(Source records)
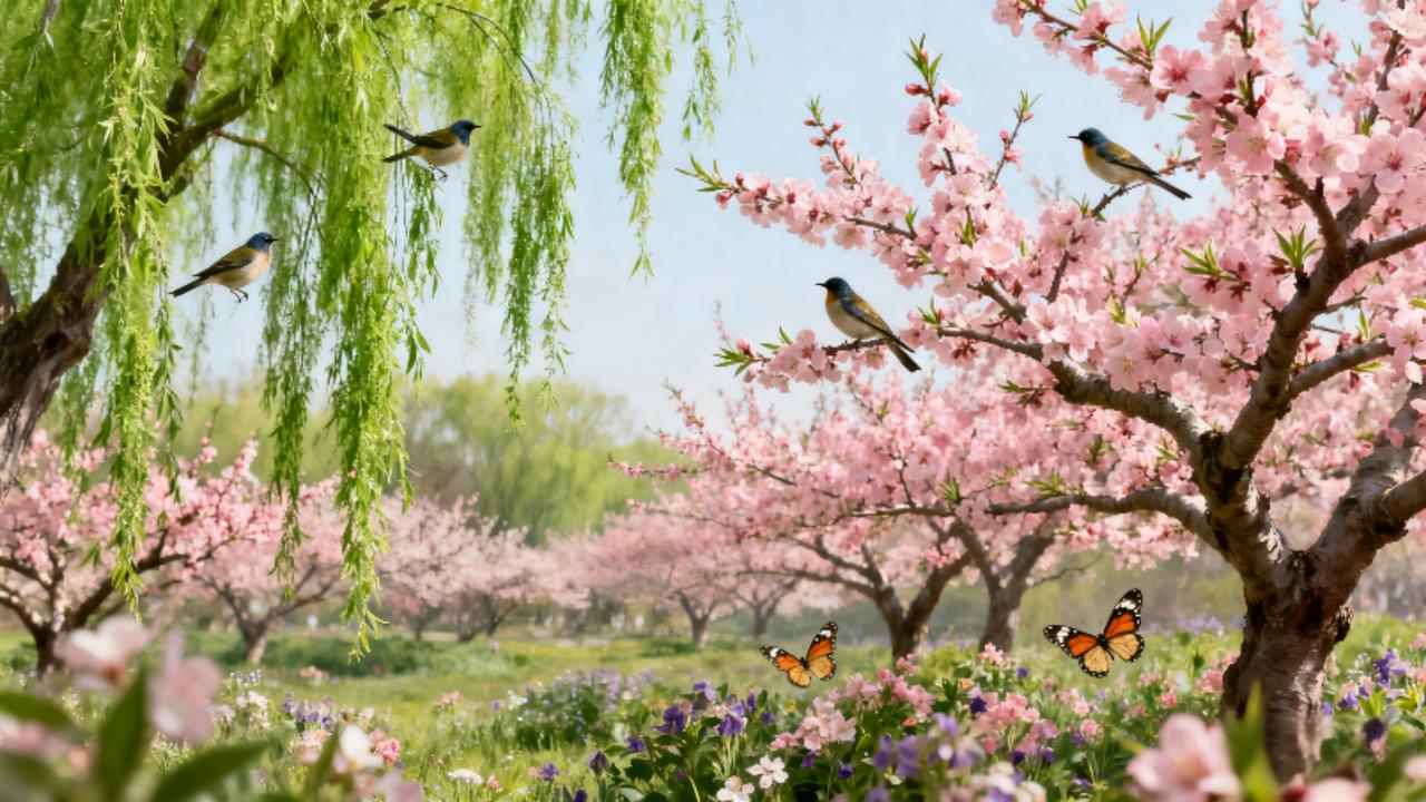 上联:东去山明水秀, 下联:春来柳绿桃红。
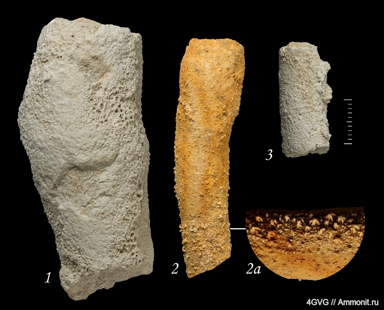 1 - карьер Пирочи, 2 - Домодедовский карьер (2а - поверхность губки крупным планом), 3 - карьер Старые Пески
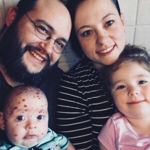 My son was delivered by emergency c-section. The first glimpse I had of him, I noticed he was blue, and his skin was covered with deep purple spots. He wasn’t crying. The whole room was especially quiet. I thought the worst, my heart dropped, but then – he let out the weakest cry. Thank God, he was breathing.
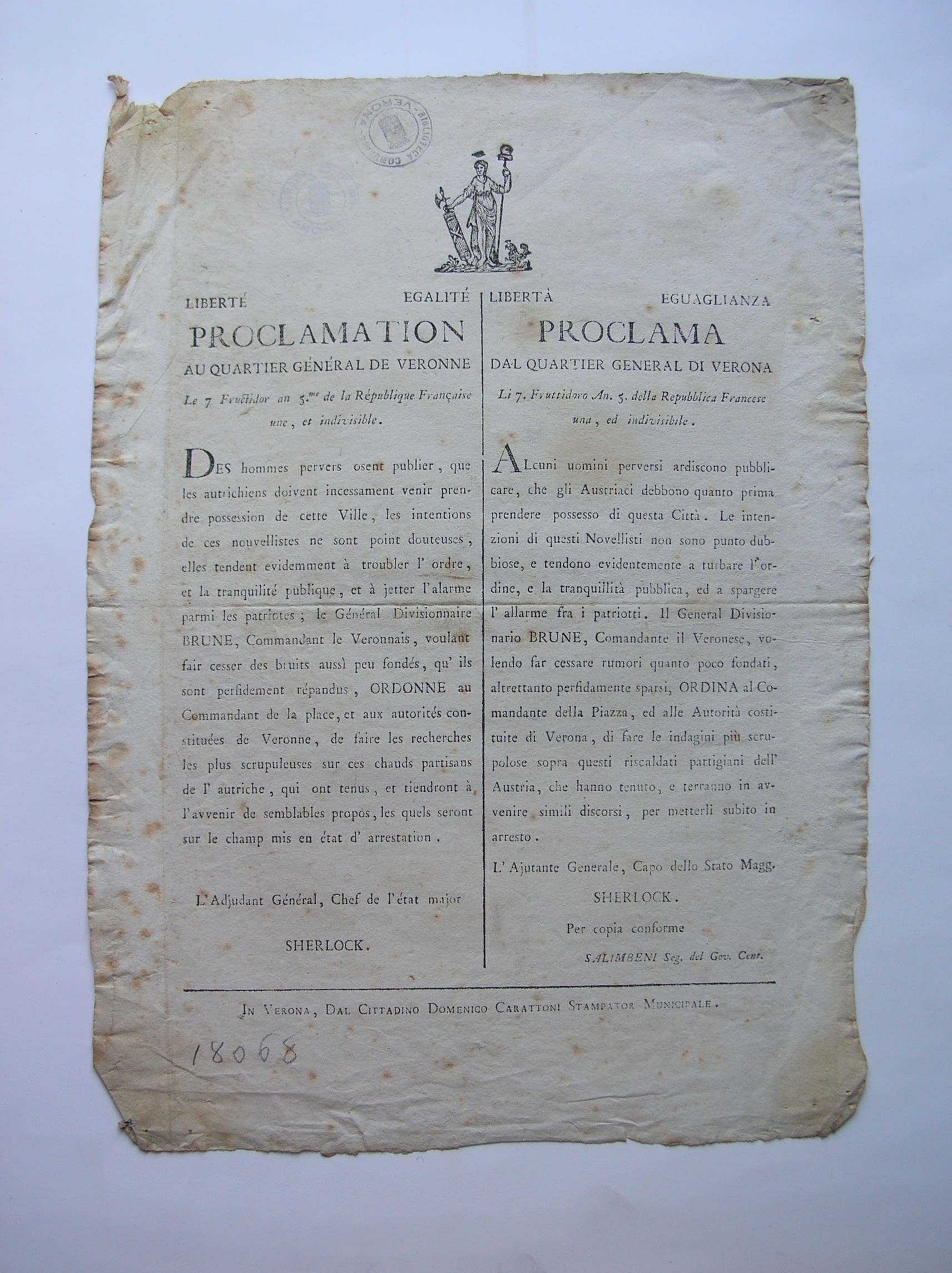 - Proclama bilingue di Sherlock circa l'ordine del Generale Divisionario Brune alle autorità di Verona di fare idagini sui partigiani dell'Austria
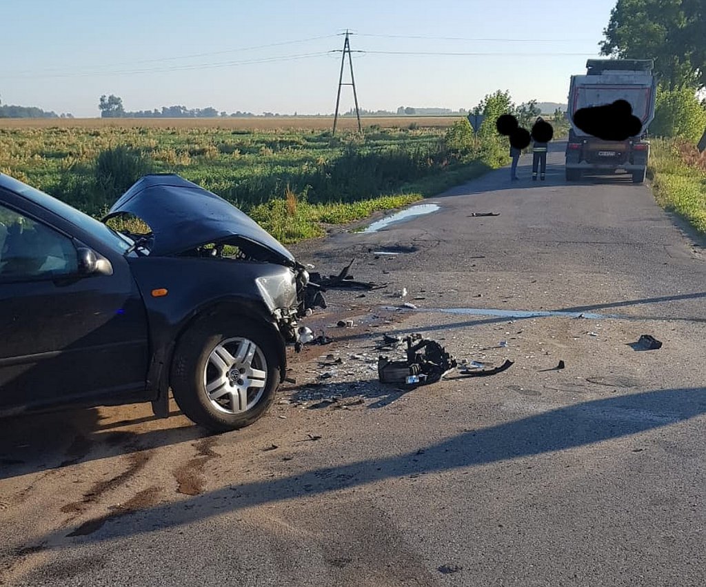Do wypadku doszło w miejscowości Jastrzębiec (powiat przasnyski). W wyniku zderzenia osobowego vw z ciężarówką poszkodowane zostały dwie osoby.
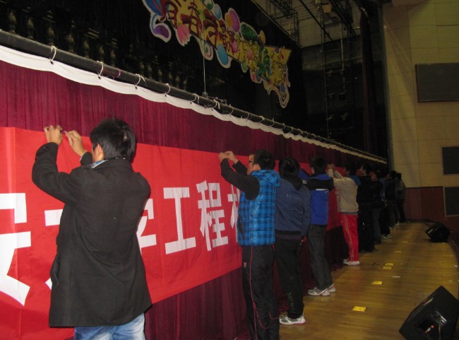 12月10日,工程机械学院2011年“青春当歌,织梦启航”迎新晚会第二次彩排在朝晖大学生活动中心如期举行。工程机械学院院团委书记朱武威老师,学生会主席李加庆亲临彩排现场指导工作。
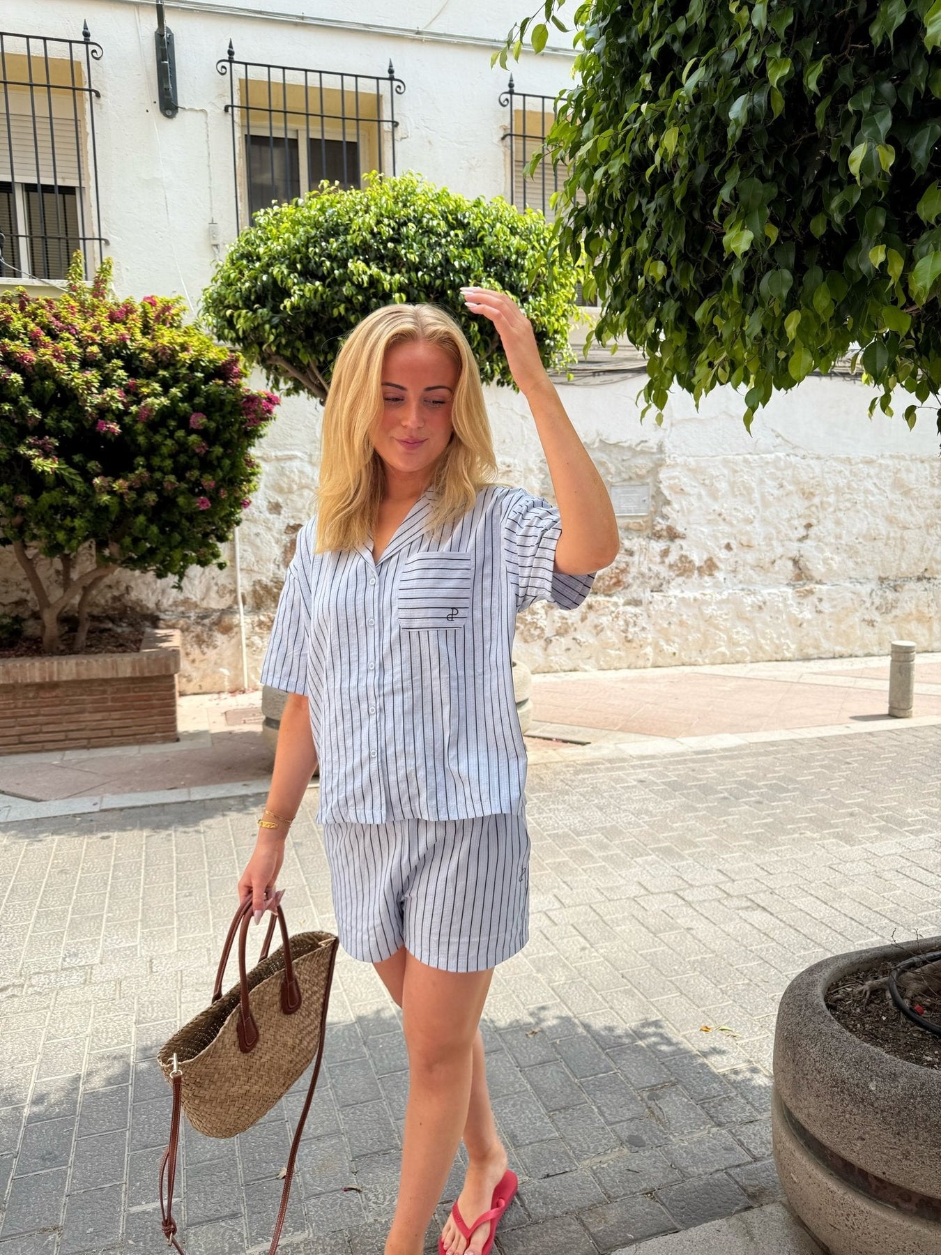 These shorts are the perfect mix of casual and stylish. They have a loose and comfortable fit, an elastic waist and practical side pockets - perfect for warm days when comfort is key. The striped design gives a classic summer look, while the small embroidered logo adds a simple yet exclusive touch.
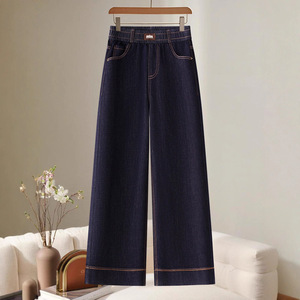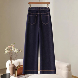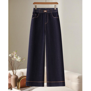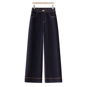 丹宁蓝阔腿牛仔裤女秋季新款松紧高腰复古小个子九分裤直筒裤
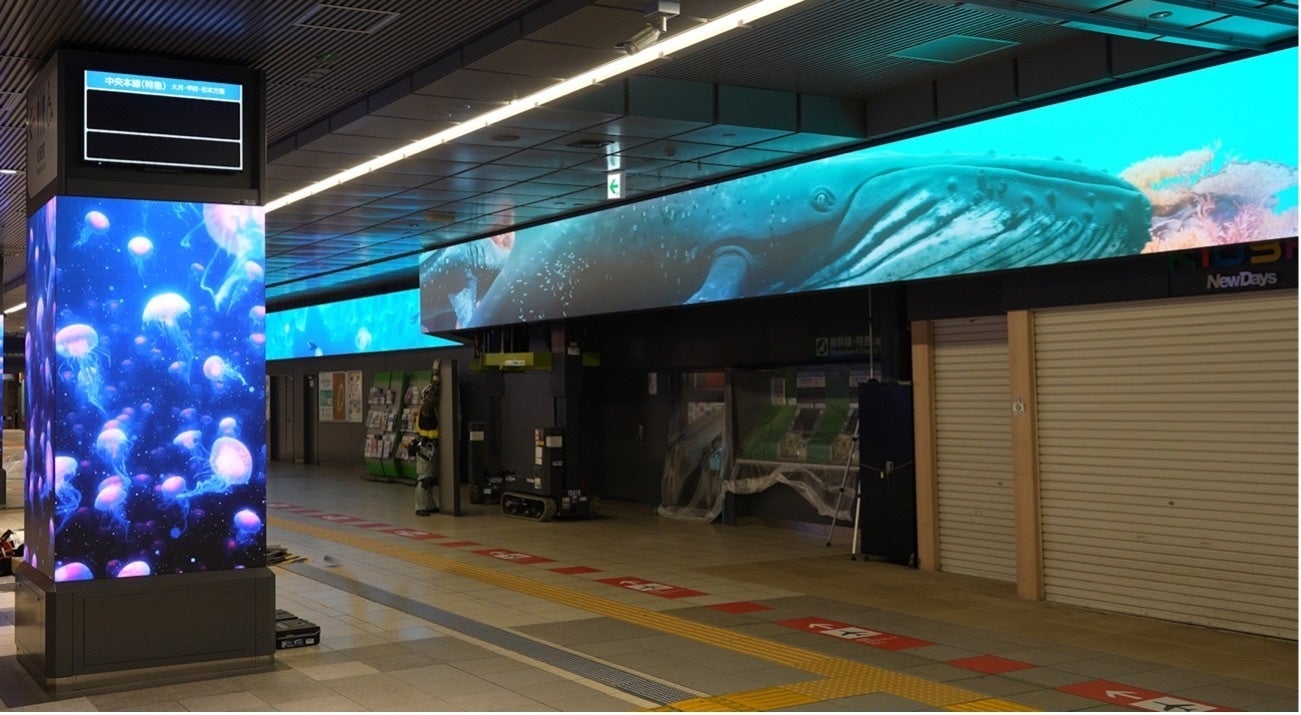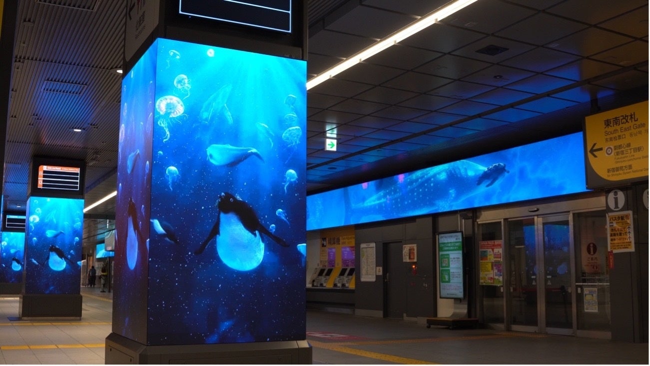 株式会社ワントゥーテン(本社:京都府京都市、代表:澤邊芳明)は、2024年4月15日(月)に株式会社ジェイアール東日本企画(本社:東京都渋谷区、代表取締役社長:赤石 良治)が新宿駅南改札内コンコースに開業した、イマーシブなメディア空間「新宿BBB(スリービー)」の空間演出及び、総面積約250平方メートルの3つの特徴的な大型サイネージに投影される映像「BEYOND AQUA」の制作を行いました。
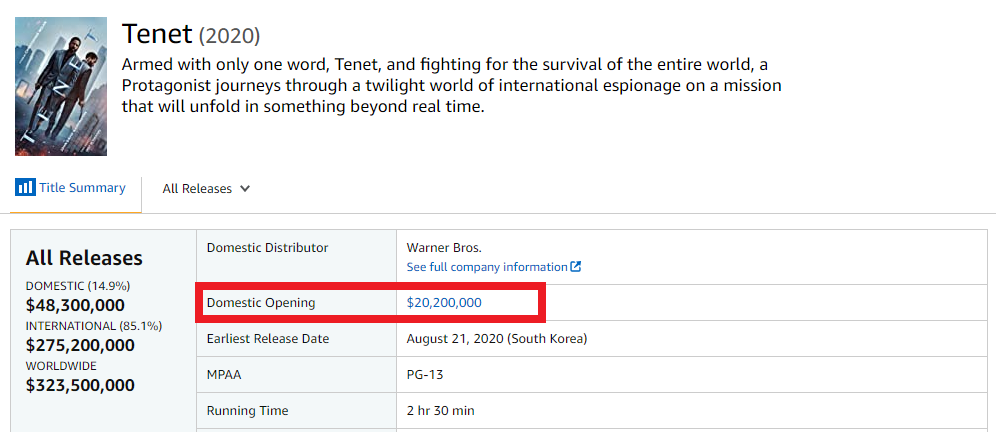 目前仍在上映的《信條》全球累積票房達到了3.2億美元(美國票房為4800萬美元),在疫情的大背景下,《信條》已經做到了最好,但分析師Jeff Bock表示,“這可能還遠遠不夠”,據數據顯示,《信條》的成本達到了2億美元,是諾蘭所有電影中成本最高的一部,而加上后續的宣傳營銷等預算,《信條》最少需要 4.5億美元的票房才能實現收支平衡。Bock補充到,在以往正常年份,《信條》的票房可以很輕松達到7億美元,也就是現在的2倍還要多。
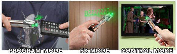 This Mark VII Sonic Screwdriver is specially created for Earth use. It’s been simplified so as not to cause danger to human operators, while still being an extremely powerful tool in the wrangling of entertainment electronics. Using simple and intuitive movements you will be able to use the Sonic Screwdriver to control your devices just like The Doctor. Rotate clockwise or counterclockwise to adjust the volume on your iPod dock; flick the Sonic Screwdriver up and down to change TV channels or navigate the program guide; and even open your DVD tray by pulling back on the Sonic Screwdriver. With 13 gestures and 3 memory banks, you can store up to 39 remote control codes on the Sonic Screwdriver: plenty to control all of your Earth-based entertainment equipment. In Control Mode, each gesture triggers a classic Sonic Screwdriver sound effect and the tip illuminates with a bright green light. (There’s also a Quiet Mode if you’re stealthy.) And because The Doctor doesn’t let just anyone use his stuff, there’s a Lock Code that allows you to ensure that it’s yours… ALL YOURS.
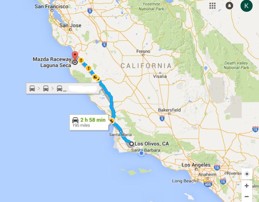 Los Olivos is almost exactly 1/2 way from LAX to Laguna Seca raceway time wise.

• Work instructions: Begin with the first line of the entries above and write out each line exactly, ending with the line containing "丹宁蓝阔腿牛仔裤女秋季新款松紧高腰复古小个子九分裤直筒裤". Leave out pictures.

• Exercise answer:
 上联:东去山明水秀, 下联:春来柳绿桃红。
 1 - карьер Пирочи, 2 - Домодедовский карьер (2а - поверхность губки крупным планом), 3 - карьер Старые Пески
 My son was delivered by emergency c-section. The first glimpse I had of him, I noticed he was blue, and his skin was covered with deep purple spots. He wasn’t crying. The whole room was especially quiet. I thought the worst, my heart dropped, but then – he let out the weakest cry. Thank God, he was breathing.
 - Proclama bilingue di Sherlock circa l'ordine del Generale Divisionario Brune alle autorità di Verona di fare idagini sui partigiani dell'Austria
Do wypadku doszło w miejscowości Jastrzębiec (powiat przasnyski). W wyniku zderzenia osobowego vw z ciężarówką poszkodowane zostały dwie osoby.
 12月10日,工程机械学院2011年“青春当歌,织梦启航”迎新晚会第二次彩排在朝晖大学生活动中心如期举行。工程机械学院院团委书记朱武威老师,学生会主席李加庆亲临彩排现场指导工作。
 These shorts are the perfect mix of casual and stylish. They have a loose and comfortable fit, an elastic waist and practical side pockets - perfect for warm days when comfort is key. The striped design gives a classic summer look, while the small embroidered logo adds a simple yet exclusive touch.
 丹宁蓝阔腿牛仔裤女秋季新款松紧高腰复古小个子九分裤直筒裤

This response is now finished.